# Kafka Message Format

### 📦 Kafka Message Format – Explained in Detail

A **Kafka message** is a data unit that is sent from a **producer** to a **topic**, and read by a **consumer**. Kafka stores and transports **binary messages**, but under the hood, each message includes metadata and structure.



## 🧱 Kafka Message Structure

Each Kafka message contains the following parts:

| Field         | Description                                                                     |
| ------------- | ------------------------------------------------------------------------------- |
| **Key**       | (Optional) Used for message routing to partitions.                              |
| **Value**     | The actual data (e.g., JSON, text, binary). This is what you typically process. |
| **Offset**    | Unique ID of the message **within a partition**.                                |
| **Partition** | Partition number where the message is stored.                                   |
| **Timestamp** | When the message was produced.                                                  |
| **Headers**   | (Optional) Key-value pairs for metadata (like HTTP headers).                    |



### 📌 Example (JSON Message)

Here’s a simple message as seen by a **consumer** (after deserialization):

```json
{
  "sensor_id": "sensor_1",
  "temperature": 29.3,
  "timestamp": "2025-06-02T20:12:11"
}
```

But under the hood, Kafka stores it like:

```text
Partition: 0
Offset: 12
Key: "sensor_1"
Value: {"sensor_id":"sensor_1","temperature":29.3,"timestamp":"2025-06-02T20:12:11"}
Timestamp: 2025-06-02 20:12:11
```



## 🔑 Field Breakdown

### 1. **Key (Optional)**

* Helps Kafka **route** messages to specific **partitions**.
* Messages with the same key always go to the **same partition**.
* Useful in scenarios like sending all messages of a specific user/device to one partition.

### 2. **Value**

* The main content (your actual data).
* Can be in any format: text, JSON, XML, Avro, binary.
* Must be **serialized** into bytes before sending.

### 3. **Offset**

* A unique identifier **per partition** (not global).
* Consumers use this to keep track of where they left off.

### 4. **Partition**

* Kafka divides a topic into partitions.
* Partitions allow **parallelism** and **scaling**.

### 5. **Timestamp**

* Kafka automatically adds a timestamp to each message.
* Can be **producer-generated** or **broker-generated**.
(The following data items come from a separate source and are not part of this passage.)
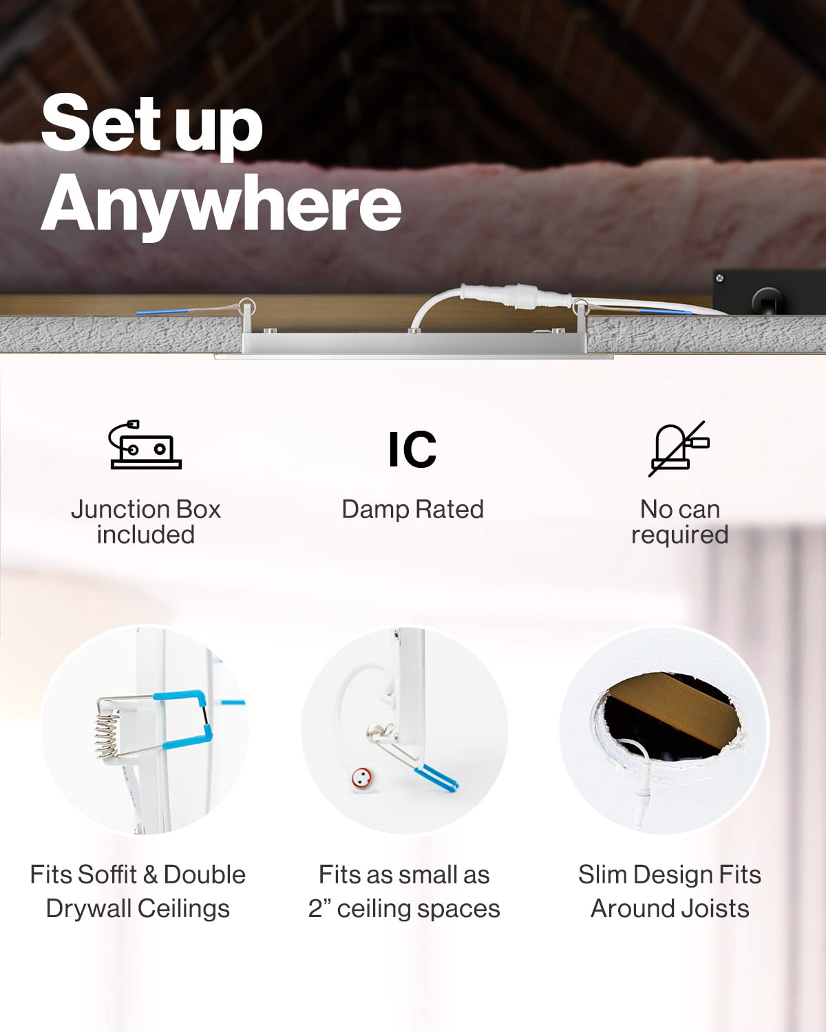 Q: How do I install the Sunco recessed lights?A: Installation is simple and requires no can. Just cut a hole in the ceiling to the appropriate size, fold in the spring-loaded brackets, and push the fixture up into the hole. It fits any ceiling type, including double drywall and soffit.
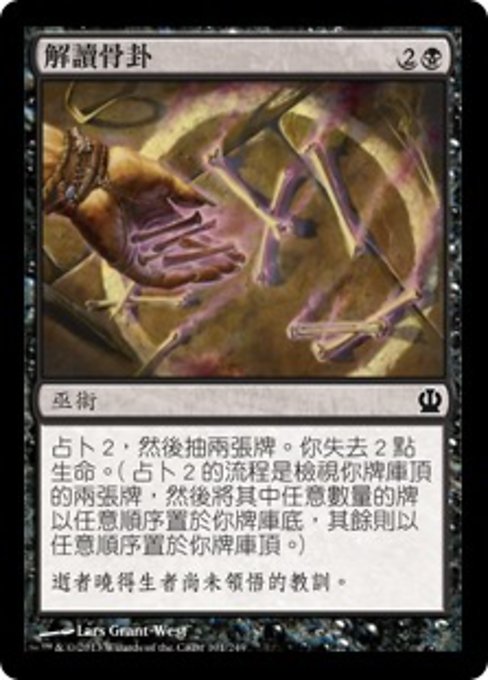 |  Variations— Parts— | 解讀骨卦占卜2,然後抽兩張牌。你失去2點生命。(占卜2的流程是檢視你牌庫頂的兩張牌,然後將其中任意數量的牌以任意順序置於你牌庫底,其餘則以任意順序置於你牌庫頂。)
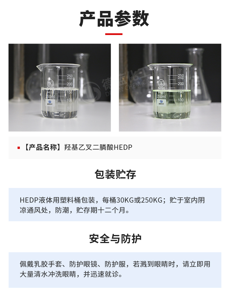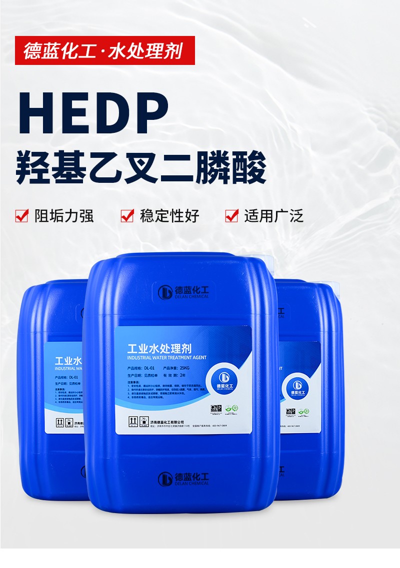 HEDP是一种有机膦酸类阻垢缓蚀剂,能与铁、铜、锌等多种金属离子形成稳定的络合物,能溶解金属表面的氧化物。在250℃下仍能起到良好的缓蚀阻垢作用,在高pH下仍很稳定,不易水解,一般光热条件下不易分解。耐酸碱性、耐氯氧化性能较其他有机膦酸(盐)好。可与水中金属离子,尤其是钙离子形成六圆环螯合物,因而具较好的阻垢效果并具明显的溶限效应,当和其他水处理剂复合使用时,表现出理想的协同效应。...
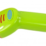 It contains various interactive elements such as a scale, terminal, and scanner. The toy is designed to support the development of manual skills and imagination.
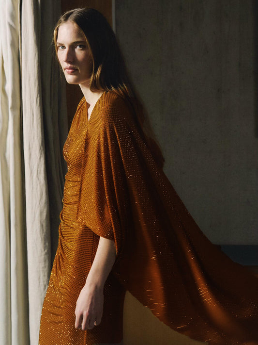 ชุดราตรียาวแขนยาวระยิบระยับสีส้ม HV2796

### 6. **Headers** (Optional)

* Metadata for the message.
* Format: `{"source": "sensorA", "location": "room1"}`



## 📌 Real Example (Python Kafka Producer)

```python
producer.send(
    topic='temperature-readings',
    key=b'sensor_1',  # key as bytes
    value=json.dumps(data).encode('utf-8'),  # value as serialized JSON
    headers=[('source', b'raspberry-pi')]
)
```



## 🧠 Summary

| Field     | Purpose                             | Required? |
| --------- | ----------------------------------- | --------- |
| Key       | Routing to partition                | No        |
| Value     | Actual message content              | Yes       |
| Offset    | Unique ID in a partition (auto-set) | Auto      |
| Partition | Data sharding and parallelism       | Auto/Set  |
| Timestamp | Track event time                    | Auto      |
| Headers   | Extra metadata                      | No        |



# Offsets and Commit Mechanism

### 🧭 Kafka Offsets and Commit Mechanism – Explained Clearly



## 🔢 What is an **Offset** in Kafka?

An **offset** is a **unique identifier for each message** in a Kafka **partition**.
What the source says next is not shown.